Later we walked around
the city center, which had just the right amount of people walking around to
make it seem lively but not enough that you’re bumping into one shoulder after
another and would cause a 10-person traffic accident if you paused on the
pavement to take a picture of the clock tower that glowed purple and green and
pink. We stopped at a makeshift café bar
right in the middle of a square near the John Rylands library (which is ranked
number 1 on the list of things to see in Manchester – imagine! A library! How cool
and nerdy.). The German inspired bar had
giant barrels as tables with stools around them, large gas-fire heaters to warm
you up if you wanted to sit outside, cute little cabins in which drunken people
drunkenly sang karaoke songs and twinkling warm yellow fairylights strung up
above us. And I finally got to drink hot
chocolate. It’s rare for me to be
sitting outside in the cold yet feel happy and warm, and it was definitely a
point in Manchester’s favour.
Just as we stepped out
of the open-air mini-square, it started to rain again, with short bursts of
wind that are excellent at upturning small umbrellas (which you then struggle
to fix and proceed to get quite wet in the process).
At least I had
finished my hot chocolate.
And it was just about
time to head to the theater to watch a musical – thank god for indoor
entertainment.
I had envisioned going
back to dress up for the play but that had not quite happened – and so it was
with frizzy hair, almost-smeared kohl, definitely no lipstick and my damp
jacket and wet boots, we went to the very cool theater. Oh and we actually followed one of the ‘explore
nearby restaurants’ options with Google maps and ended up having some
scrumptious Vietnamese food.
The theater was very
cool, dim, and lit up as it was a perpetual twilight zone, with a photograph
exhibition, open-design café and restaurant, and the actual auditorium was a
spaceship/beehive in the middle with a 360° stage and two floors of seats all
around it.
It was an excellent
musical and when we finally came out of the theater, the sky was clear with
some twinkling stars, all shiny and shimmery, beautifully serene and
quiet.

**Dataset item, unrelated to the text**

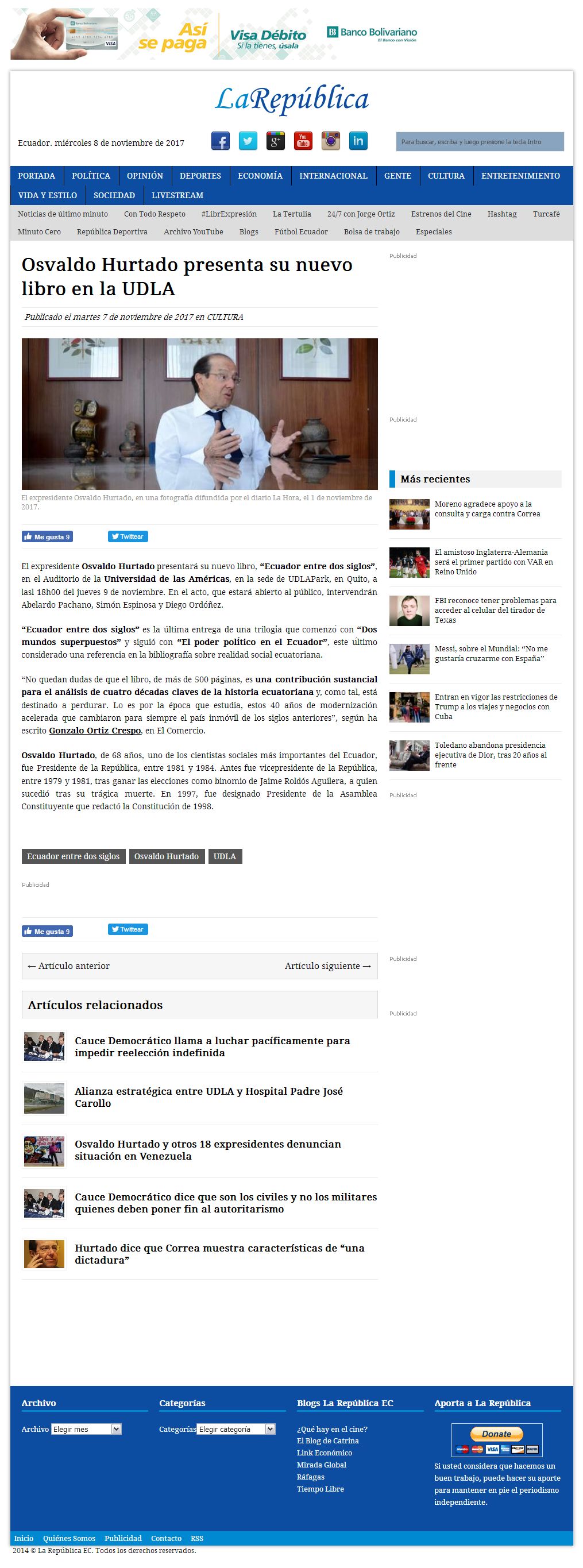 El expresidente, Osvaldo Hurtado, presentará su nuevo libro, “Ecuador entre dos siglos”, en el Auditorio de la Universidad de Las Américas, en la sede de UDLA Park, en Quito, a las 18h00, del jueves 9 de noviembre. En el acto, que estará abierto al público, intervendrán Abelardo Pachano, Simón Espinosa y Diego Ordóñez. “Ecuador entre dos siglos” es la última entrega de una trilogía que comenzó con “Dos mundos superpuestos” y siguió con “El poder político en el Ecuador”, este ultimo considerado una referencia en la bibliografía sobre realidad social ecuatoriana.

We walked back to our motel
(Fahad was sure he saw Russell Peters but his exclamation came way too late for
me to verify), having passed the demented Santa wishing Manchester a Merry
Christmas while city hall glowed red (why red, I mean I know it’s a Christmas
colour but it’s also quite familiar to horror films) behind it.
It wasn’t according to
plan but it was definitely a fun evening in mad Manchester.